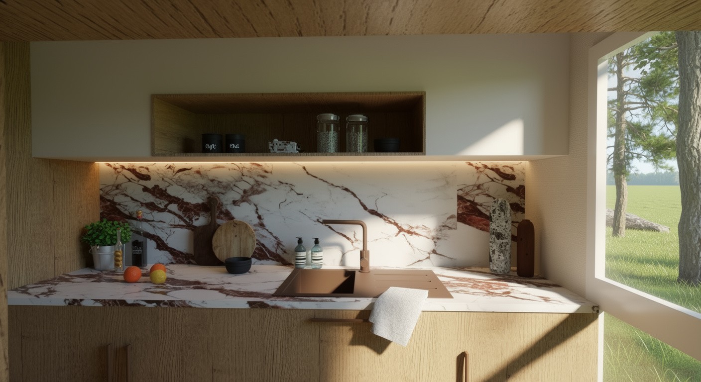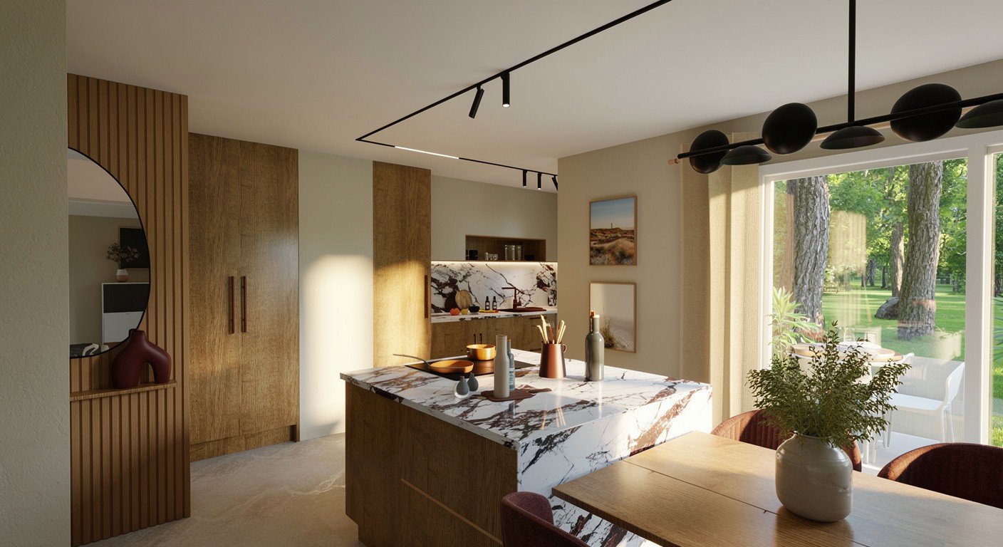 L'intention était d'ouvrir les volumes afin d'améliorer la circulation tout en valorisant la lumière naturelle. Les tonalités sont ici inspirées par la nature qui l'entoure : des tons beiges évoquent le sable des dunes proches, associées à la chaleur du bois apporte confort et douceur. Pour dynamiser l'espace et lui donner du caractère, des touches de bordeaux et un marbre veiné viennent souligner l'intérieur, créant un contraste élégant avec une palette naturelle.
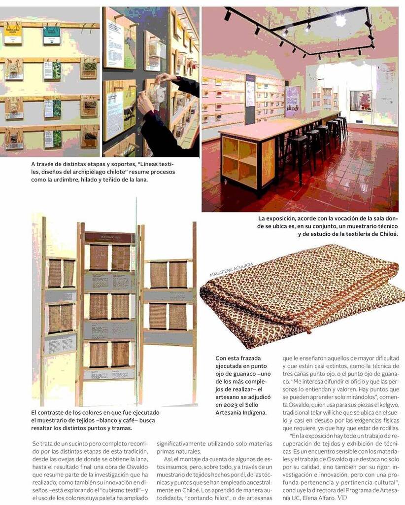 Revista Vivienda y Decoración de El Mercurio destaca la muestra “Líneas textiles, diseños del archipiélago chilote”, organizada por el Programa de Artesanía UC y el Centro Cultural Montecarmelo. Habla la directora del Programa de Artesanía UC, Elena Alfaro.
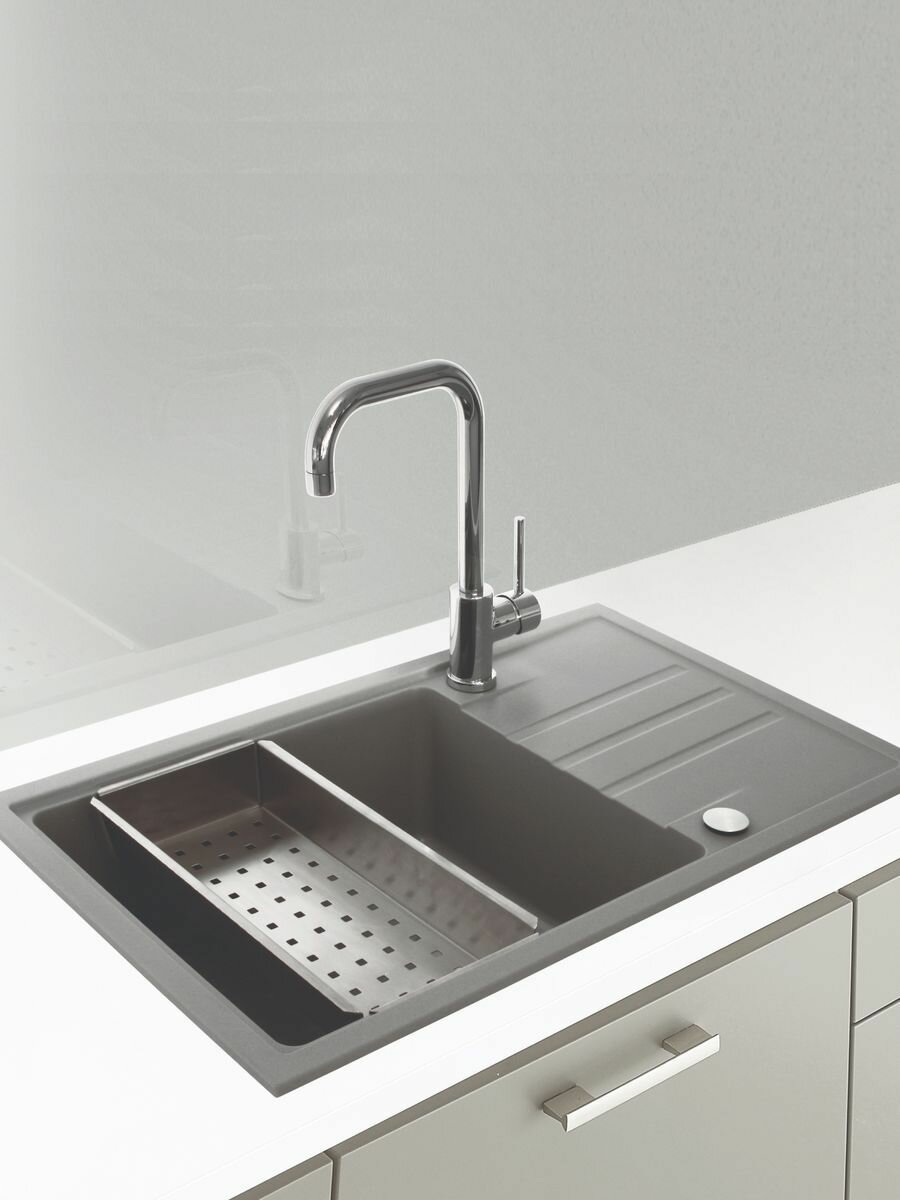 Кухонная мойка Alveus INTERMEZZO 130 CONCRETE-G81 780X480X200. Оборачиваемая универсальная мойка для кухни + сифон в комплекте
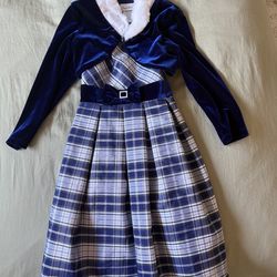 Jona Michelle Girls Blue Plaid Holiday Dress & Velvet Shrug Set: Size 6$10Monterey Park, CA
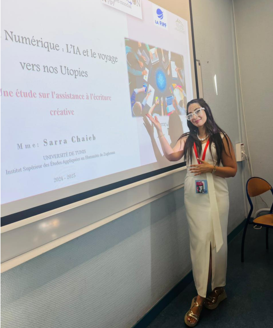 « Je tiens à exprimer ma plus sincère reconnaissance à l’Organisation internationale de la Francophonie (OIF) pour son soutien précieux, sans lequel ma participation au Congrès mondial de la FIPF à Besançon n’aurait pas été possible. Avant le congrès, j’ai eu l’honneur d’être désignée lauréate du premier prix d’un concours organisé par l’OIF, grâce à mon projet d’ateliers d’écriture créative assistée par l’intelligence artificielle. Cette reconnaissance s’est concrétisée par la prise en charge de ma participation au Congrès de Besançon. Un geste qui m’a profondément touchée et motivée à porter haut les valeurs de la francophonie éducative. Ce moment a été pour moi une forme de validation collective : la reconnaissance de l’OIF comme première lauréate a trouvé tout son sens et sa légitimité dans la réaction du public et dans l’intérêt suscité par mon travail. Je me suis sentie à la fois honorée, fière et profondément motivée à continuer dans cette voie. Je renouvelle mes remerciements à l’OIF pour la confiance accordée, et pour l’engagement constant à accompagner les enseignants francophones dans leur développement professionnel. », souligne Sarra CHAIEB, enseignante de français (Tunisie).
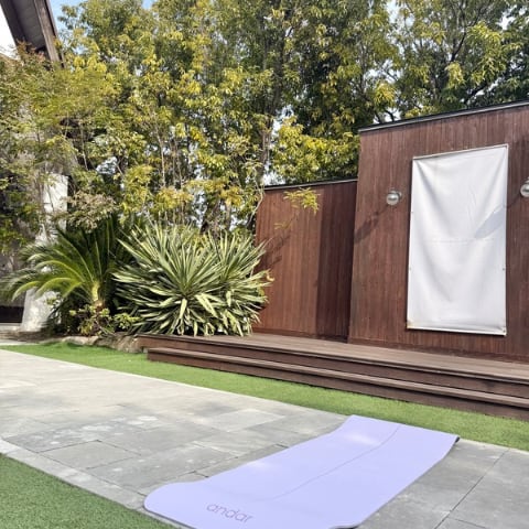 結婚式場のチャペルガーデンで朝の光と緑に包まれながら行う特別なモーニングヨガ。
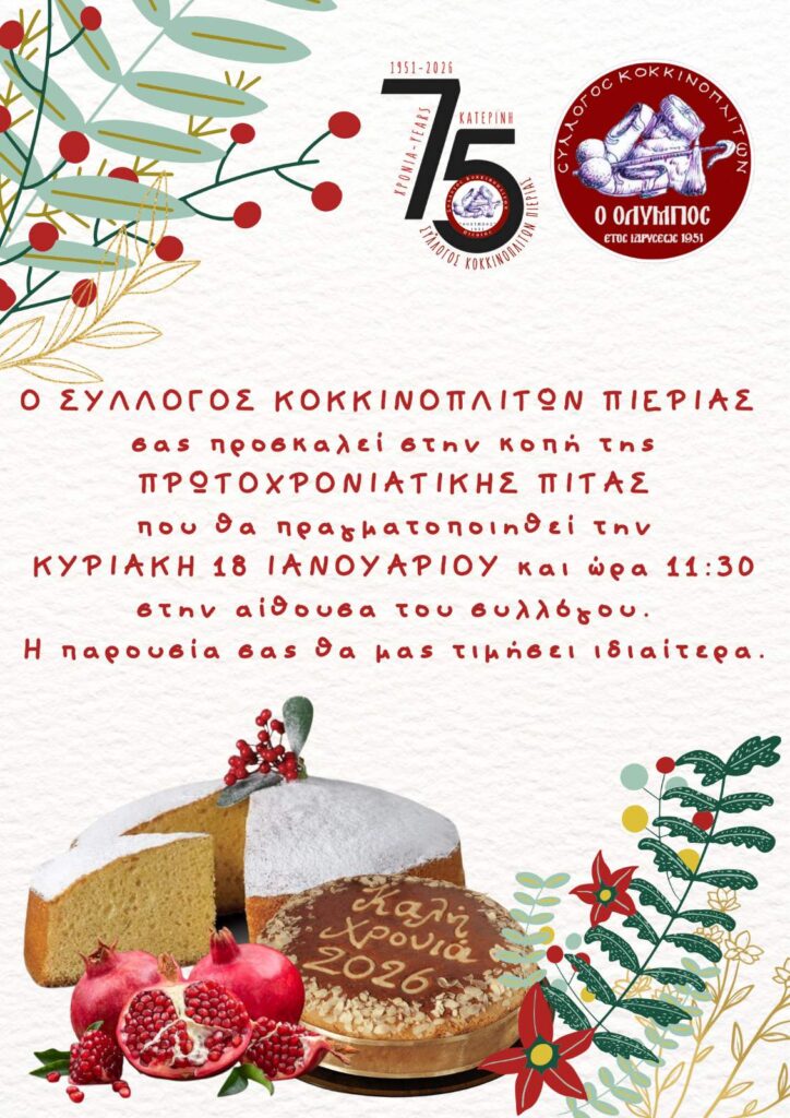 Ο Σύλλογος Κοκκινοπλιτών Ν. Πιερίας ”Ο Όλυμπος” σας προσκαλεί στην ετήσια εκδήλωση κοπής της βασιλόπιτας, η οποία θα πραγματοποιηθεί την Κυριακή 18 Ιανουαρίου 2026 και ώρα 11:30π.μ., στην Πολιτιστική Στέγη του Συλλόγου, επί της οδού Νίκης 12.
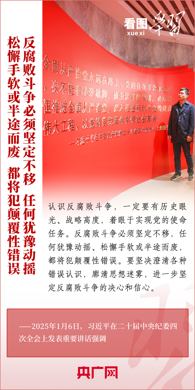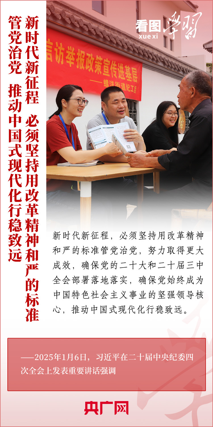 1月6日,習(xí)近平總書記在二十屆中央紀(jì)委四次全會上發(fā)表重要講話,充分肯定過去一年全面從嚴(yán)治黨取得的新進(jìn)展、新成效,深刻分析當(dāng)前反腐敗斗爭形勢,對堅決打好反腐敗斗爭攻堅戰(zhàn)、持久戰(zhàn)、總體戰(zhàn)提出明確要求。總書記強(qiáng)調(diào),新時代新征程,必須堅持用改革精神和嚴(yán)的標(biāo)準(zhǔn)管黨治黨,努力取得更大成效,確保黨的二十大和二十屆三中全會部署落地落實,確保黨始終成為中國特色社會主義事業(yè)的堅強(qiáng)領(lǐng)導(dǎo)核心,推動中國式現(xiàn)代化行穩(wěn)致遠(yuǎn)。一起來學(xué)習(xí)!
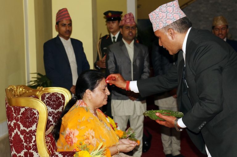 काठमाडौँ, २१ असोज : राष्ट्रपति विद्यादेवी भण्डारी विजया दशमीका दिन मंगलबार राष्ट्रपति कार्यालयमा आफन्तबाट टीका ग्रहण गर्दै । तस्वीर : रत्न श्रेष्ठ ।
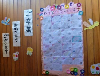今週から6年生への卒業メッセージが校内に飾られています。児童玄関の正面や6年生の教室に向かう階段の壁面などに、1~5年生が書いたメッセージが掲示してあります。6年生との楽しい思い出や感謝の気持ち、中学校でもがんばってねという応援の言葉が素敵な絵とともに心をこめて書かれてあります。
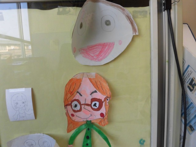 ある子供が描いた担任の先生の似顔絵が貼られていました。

**TASK DETAILS:**
Output each entry shown above exactly as it stands, with all pictures removed.

**THE ANSWER:**
 L'intention était d'ouvrir les volumes afin d'améliorer la circulation tout en valorisant la lumière naturelle. Les tonalités sont ici inspirées par la nature qui l'entoure : des tons beiges évoquent le sable des dunes proches, associées à la chaleur du bois apporte confort et douceur. Pour dynamiser l'espace et lui donner du caractère, des touches de bordeaux et un marbre veiné viennent souligner l'intérieur, créant un contraste élégant avec une palette naturelle.
 Revista Vivienda y Decoración de El Mercurio destaca la muestra “Líneas textiles, diseños del archipiélago chilote”, organizada por el Programa de Artesanía UC y el Centro Cultural Montecarmelo. Habla la directora del Programa de Artesanía UC, Elena Alfaro.
 Кухонная мойка Alveus INTERMEZZO 130 CONCRETE-G81 780X480X200. Оборачиваемая универсальная мойка для кухни + сифон в комплекте
 Jona Michelle Girls Blue Plaid Holiday Dress & Velvet Shrug Set: Size 6$10Monterey Park, CA
 « Je tiens à exprimer ma plus sincère reconnaissance à l’Organisation internationale de la Francophonie (OIF) pour son soutien précieux, sans lequel ma participation au Congrès mondial de la FIPF à Besançon n’aurait pas été possible. Avant le congrès, j’ai eu l’honneur d’être désignée lauréate du premier prix d’un concours organisé par l’OIF, grâce à mon projet d’ateliers d’écriture créative assistée par l’intelligence artificielle. Cette reconnaissance s’est concrétisée par la prise en charge de ma participation au Congrès de Besançon. Un geste qui m’a profondément touchée et motivée à porter haut les valeurs de la francophonie éducative. Ce moment a été pour moi une forme de validation collective : la reconnaissance de l’OIF comme première lauréate a trouvé tout son sens et sa légitimité dans la réaction du public et dans l’intérêt suscité par mon travail. Je me suis sentie à la fois honorée, fière et profondément motivée à continuer dans cette voie. Je renouvelle mes remerciements à l’OIF pour la confiance accordée, et pour l’engagement constant à accompagner les enseignants francophones dans leur développement professionnel. », souligne Sarra CHAIEB, enseignante de français (Tunisie).
 結婚式場のチャペルガーデンで朝の光と緑に包まれながら行う特別なモーニングヨガ。
 Ο Σύλλογος Κοκκινοπλιτών Ν. Πιερίας ”Ο Όλυμπος” σας προσκαλεί στην ετήσια εκδήλωση κοπής της βασιλόπιτας, η οποία θα πραγματοποιηθεί την Κυριακή 18 Ιανουαρίου 2026 και ώρα 11:30π.μ., στην Πολιτιστική Στέγη του Συλλόγου, επί της οδού Νίκης 12.
 1月6日,習(xí)近平總書記在二十屆中央紀(jì)委四次全會上發(fā)表重要講話,充分肯定過去一年全面從嚴(yán)治黨取得的新進(jìn)展、新成效,深刻分析當(dāng)前反腐敗斗爭形勢,對堅決打好反腐敗斗爭攻堅戰(zhàn)、持久戰(zhàn)、總體戰(zhàn)提出明確要求。總書記強(qiáng)調(diào),新時代新征程,必須堅持用改革精神和嚴(yán)的標(biāo)準(zhǔn)管黨治黨,努力取得更大成效,確保黨的二十大和二十屆三中全會部署落地落實,確保黨始終成為中國特色社會主義事業(yè)的堅強(qiáng)領(lǐng)導(dǎo)核心,推動中國式現(xiàn)代化行穩(wěn)致遠(yuǎn)。一起來學(xué)習(xí)!
 काठमाडौँ, २१ असोज : राष्ट्रपति विद्यादेवी भण्डारी विजया दशमीका दिन मंगलबार राष्ट्रपति कार्यालयमा आफन्तबाट टीका ग्रहण गर्दै । तस्वीर : रत्न श्रेष्ठ ।
今週から6年生への卒業メッセージが校内に飾られています。児童玄関の正面や6年生の教室に向かう階段の壁面などに、1~5年生が書いたメッセージが掲示してあります。6年生との楽しい思い出や感謝の気持ち、中学校でもがんばってねという応援の言葉が素敵な絵とともに心をこめて書かれてあります。
 ある子供が描いた担任の先生の似顔絵が貼られていました。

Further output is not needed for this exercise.